この質問に対して、「私は優柔不断です」とか「私は内向的な性格です」と、すぐに答えられる人も多いでしょう。私たちは過去の経験や他人からの評価をもとに、自分にラベルを貼ってしまうことがあります。これらのラベルは、行動を選ぶ際に迷いを減らす助けになる一方で、自分の可能性を狭めてしまうこともあります。

固定されたイメージの問題点

自分を特定のイメージに縛ってしまうと、新しい挑戦を避けたり、「自分には無理だ」と思い込んでしまうことがあります。

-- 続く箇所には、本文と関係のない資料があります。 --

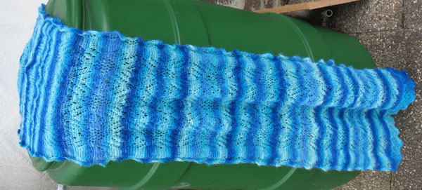 Leider habe ich keinen Platz gefunden, um das Gestricks in seiner ganzen Länge zu zeigen – und auch der Hintergrund lässt zu wünschen übrig – aber es war eben das Bild, auf dem man das meiste erkennen konnte:

たとえば、「私は人前で話すのが苦手だ」と決めつけてしまうと、発表の機会を避けてしまい、成長のチャンスを逃してしまうかもしれません。

ACTの自己に対する考え方

ACT(アクセプタンス&コミットメント・セラピー)では、自己を以下の3つの視点で捉えます。

  1. 概念化された自己:固定された自己イメージのこと。たとえば、「私は不安症だ」「私は運動が苦手だ」など、自分を一言で表すものです。

  2. 継続的な自己認識のプロセスとしての自己:今この瞬間に自分が何を感じ、何を考えているかを常に意識すること。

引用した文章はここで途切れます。